··· Task material

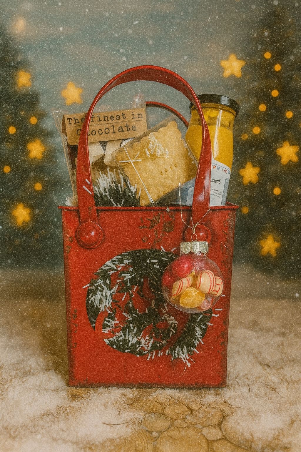 Geef dit jaar een kerstcadeau dat verrast! Het Kersttaske is een stijlvol rood ijzeren tasje, gevuld met heerlijke lekkernijen zoals ambachtelijke chocolade, een feestelijk koekje, een flesje advocaat en een speelse snoepbal. Aangevuld met wintergroen en kerstdecoratie straalt dit pakket warmte en gezelligheid uit.
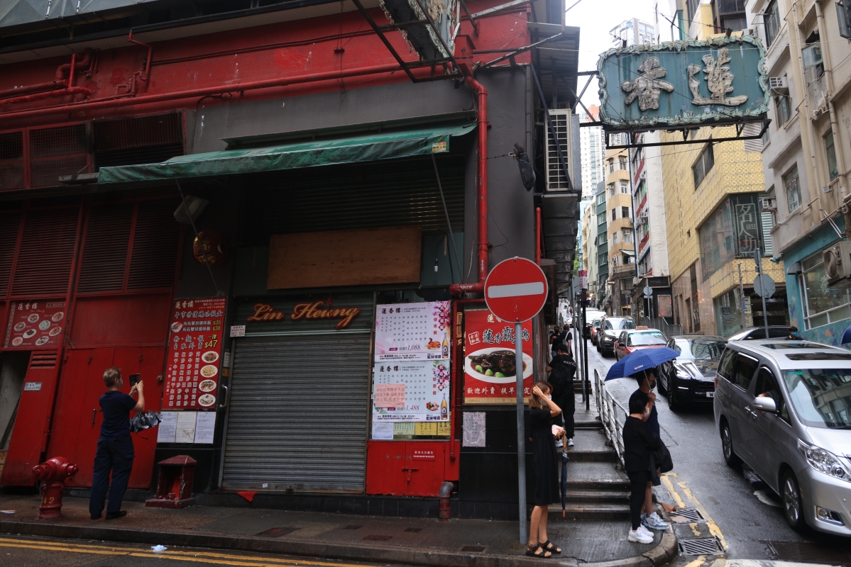 有市民經過結業的蓮香樓拿起手機拍照留念
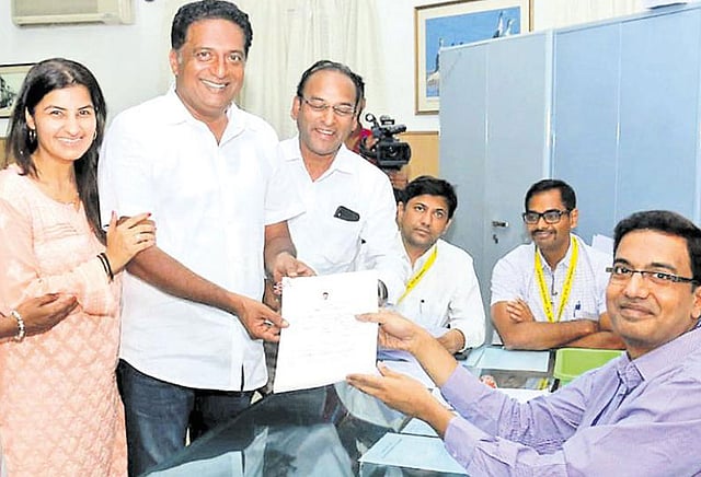 இந்த நிலையில் நடிகர் பிரகாஷ்ராஜ், பெங்களூரு மத்தி தொகுதியில் போட்டியிடுவதாக ஏற்கனவே அறிவித்து இருந்தார். அதன்படி அவர் நேற்று பெங்களூரு மாநகராட்சி தலைமை அலுவலகத்தில் வேட்புமனு தாக்கல் செய்தார். தேர்தல் அதிகாரி லேகேசிடம் பிரகாஷ்ராஜ் மனு தாக்கல் செய்தார்.
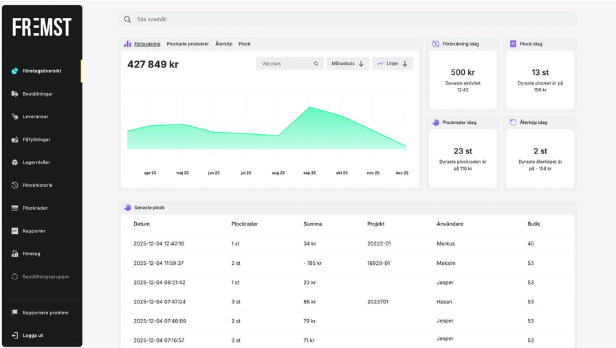 Få realtidskontroll över lagersaldon, plock och projekt. Analysera data, skapa rapporter och optimera er verksamhet - med smidig integration till ert affärssystem.
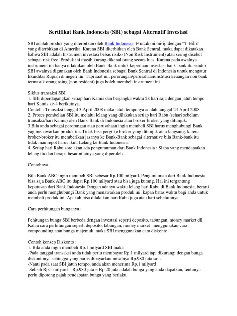 Produk tersebut menitik beratkan pada usaha untuk menghindari riba bersifat halal serta bermanfaat bagi umat. Sertifikat Bank Indonesia SBI merupakan salah satu instrumen hutang debt instrument karena aset ini mengharuskan penerbitnya melakukan pembayaran kembali dalam jumlah tertentu yang terdiri dari nilai pokok ditambah bungaTingkat suku bunga SBI ditentukan pada pelelangan di kantor pusat Bank Indonesia pada hari Rabu setiap minggunya. Bagi investor bunga deposito menguntungkan karena suku bunganya yang relatif lebih.
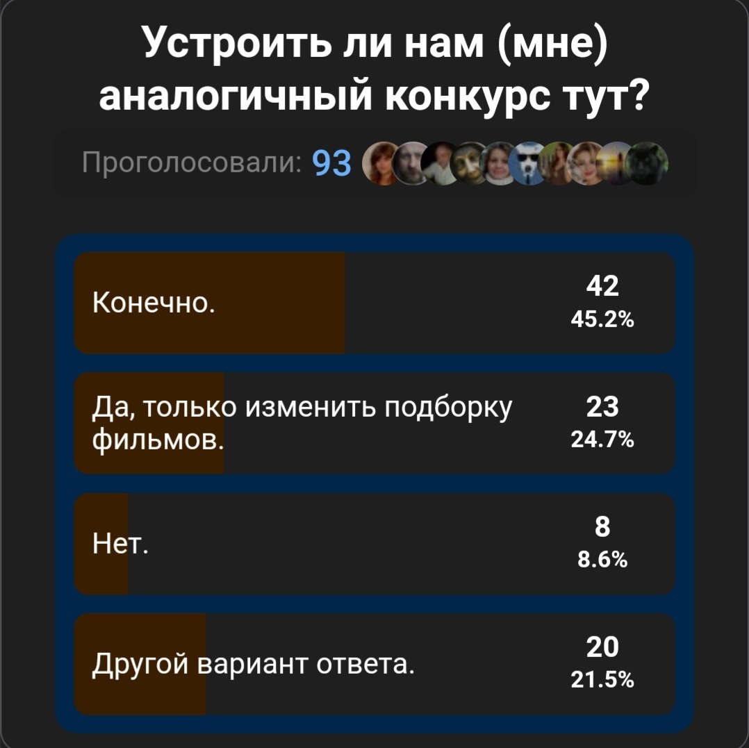Доброе время суток дамы и господа! Сегодня уже три дня прошло от финала конкурса (на предыдущую мою статью от 17.02.2025 года). Результаты опроса видно из моего скриншота. За "аналогичный конкурс на этом сайте" проголосовало 42 пользователя; "изменить подборку фильмов" отдали голоса 23 участника сайта. Вариант "нет" 8 пользователей выбрало между прочим. Большинство "за" и это уже хорошо! Поехали!
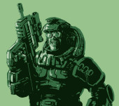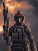 Żołnierz przyszłości z dużych karabin. Bitwa na obcej planecie. Pomarańczowe tło.
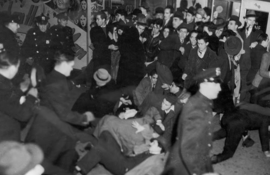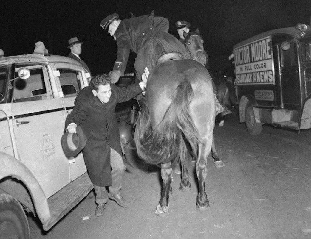 “We are all too familiar with the actions of the police bent on ‘law and order’; the alarming thing in this case is that the city administration, for all Its anti-fascist convictions, gave sanction to the police in what has become their occupational antagonism to all picket lines. Newbold Morris, acting mayor, issued a statement asking the public to show their support of democratic institutions by shunning the assemblage as ‘one would a pestilence.’ A pestilence is not overcome by shunning it; the only effective popular answer to such meetings as that of the Bund is counter-demonstration. The two left groups, the Socialist Workers Party and the Young People’s Socialist League, who insisted on exercising their right to picket, discovered that they and not the Nazis were the ‘enemy.’ They were dispersed by force – and the police become the heroes of the newspapers, of Mayor LaGuardia, and unquestionably of the German-American bund.” (The Nation, Mar. 4, 1939)
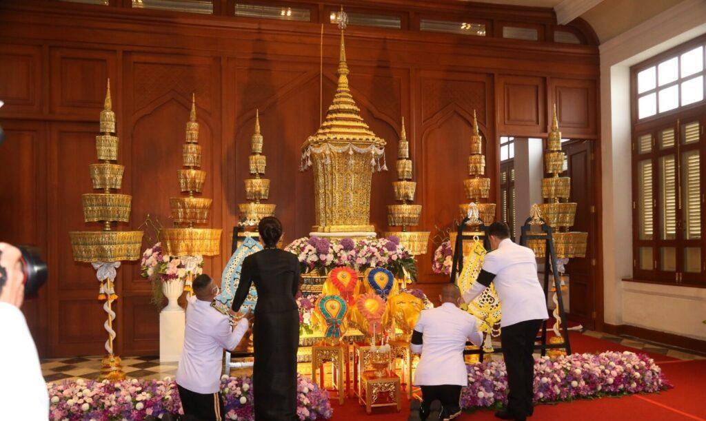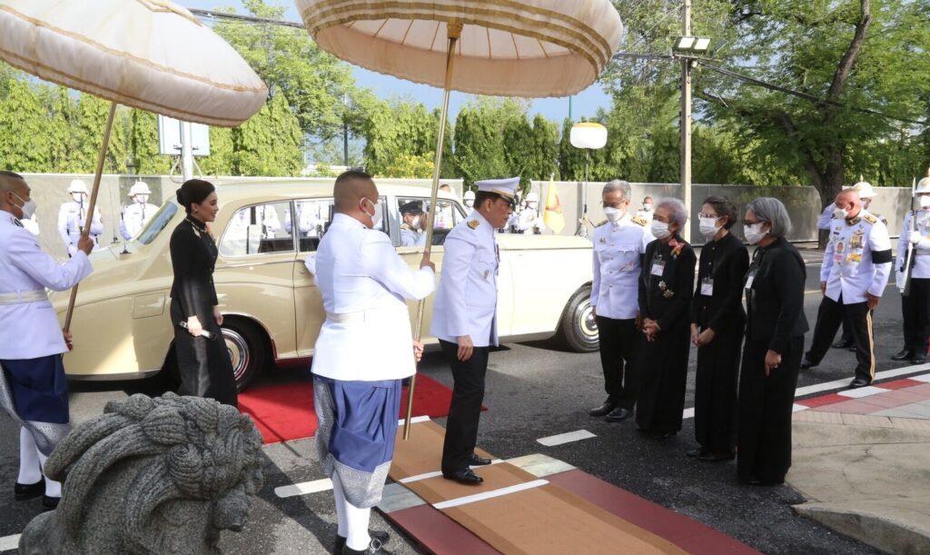 苏提达王后现在也太精致了。她穿着露肩连衣裙去参加皇家音乐会,平时也出席活动。Fancy展示了各种泰国传统服饰。当地时间周五,苏提达陪同泰国国王参加葬礼。苏提达穿着如此精美的丧服。
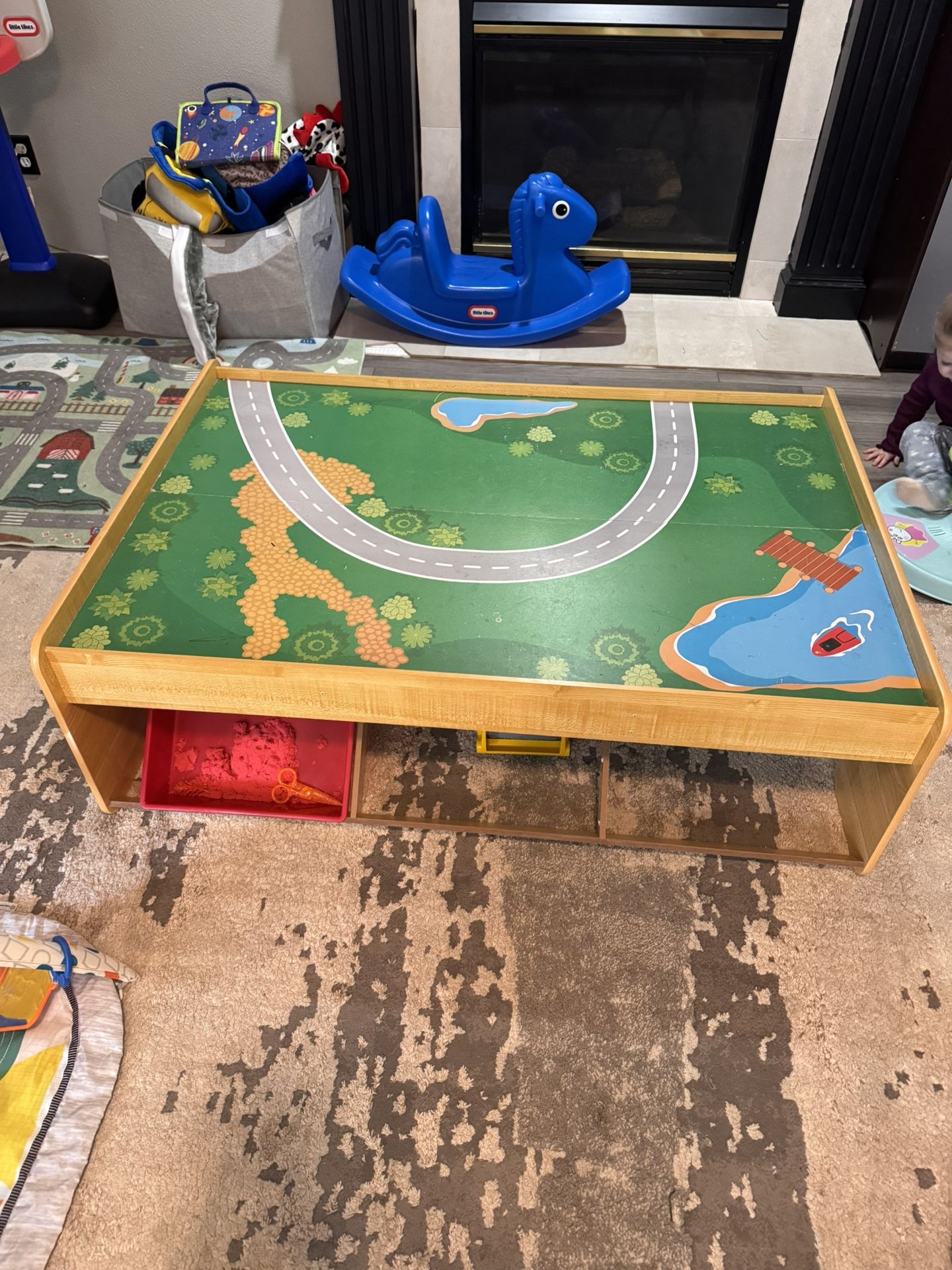 Train table and/or kiddo play table. Comes with 3 red boxes for storage just like the one in photo (my kiddos had the other two) Needs a truck or large space as it does not come apart.
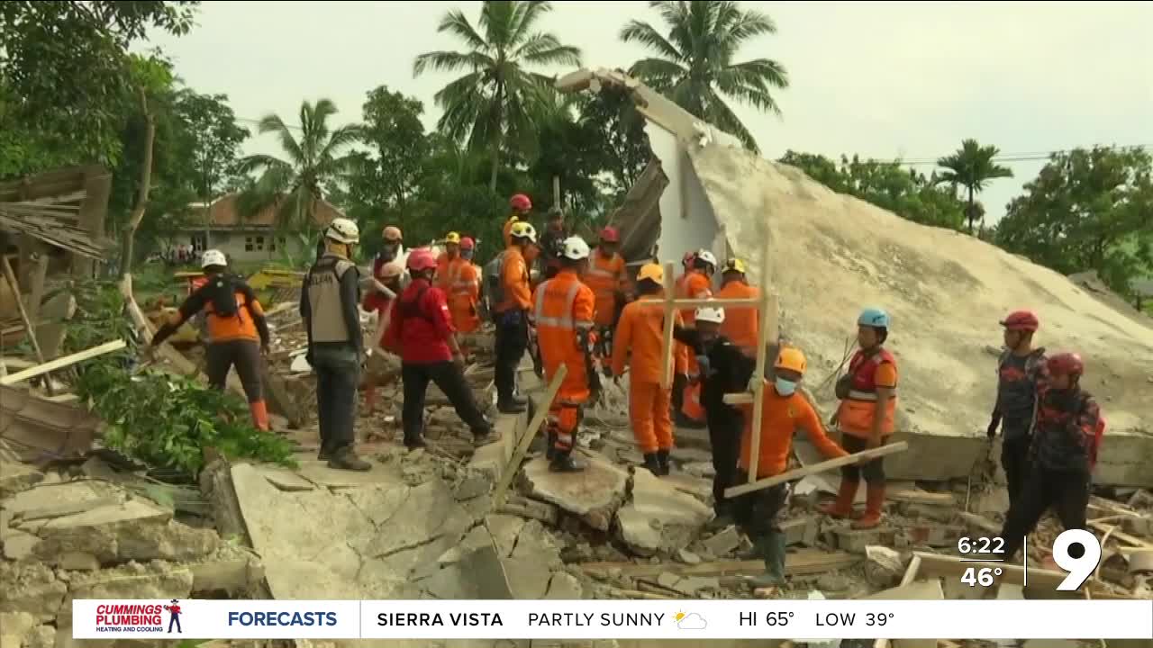 Several landslides closed roads around the Cianjur district. Among the dozens of buildings that were damaged was an Islamic boarding school, a hospital and other public facilities, the agency said. Power outages were reported.
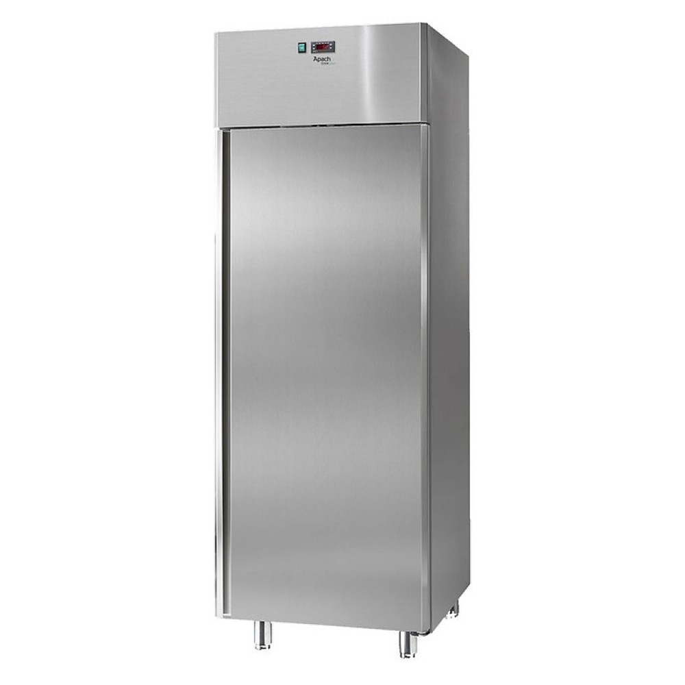 Холодильный шкаф Apach F700TN/290 DOM PLUS предназначен для охлаждения и кратковременного хранения продуктов, полуфабрикатов и напитков на предприятиях общественного питания и торговли. Модель оснащенаэлектронной панелью управления с 1 термистором NTC, самозакрывающейся дверцей с магнитным уплотнителем и регулируемыми по высоте ножками. Корпус и камера выполнены из нержавеющей стали, верхняя и задняя панели - из оцинкованной стали, теплоизоляция - из полиуретана, впрыскиваемого под высоким давлением, без использования опасных ХФУ.

······

> _Exercise requirements_: In the data above, the stretch from the line with "Mar. 4, 1939)" through the line with "Several landslides closed" is to be returned exactly, minus any pictures.

> _Solution to the exercise_:
 “We are all too familiar with the actions of the police bent on ‘law and order’; the alarming thing in this case is that the city administration, for all Its anti-fascist convictions, gave sanction to the police in what has become their occupational antagonism to all picket lines. Newbold Morris, acting mayor, issued a statement asking the public to show their support of democratic institutions by shunning the assemblage as ‘one would a pestilence.’ A pestilence is not overcome by shunning it; the only effective popular answer to such meetings as that of the Bund is counter-demonstration. The two left groups, the Socialist Workers Party and the Young People’s Socialist League, who insisted on exercising their right to picket, discovered that they and not the Nazis were the ‘enemy.’ They were dispersed by force – and the police become the heroes of the newspapers, of Mayor LaGuardia, and unquestionably of the German-American bund.” (The Nation, Mar. 4, 1939)
 苏提达王后现在也太精致了。她穿着露肩连衣裙去参加皇家音乐会,平时也出席活动。Fancy展示了各种泰国传统服饰。当地时间周五,苏提达陪同泰国国王参加葬礼。苏提达穿着如此精美的丧服。
 Train table and/or kiddo play table. Comes with 3 red boxes for storage just like the one in photo (my kiddos had the other two) Needs a truck or large space as it does not come apart.
 Several landslides closed roads around the Cianjur district. Among the dozens of buildings that were damaged was an Islamic boarding school, a hospital and other public facilities, the agency said. Power outages were reported.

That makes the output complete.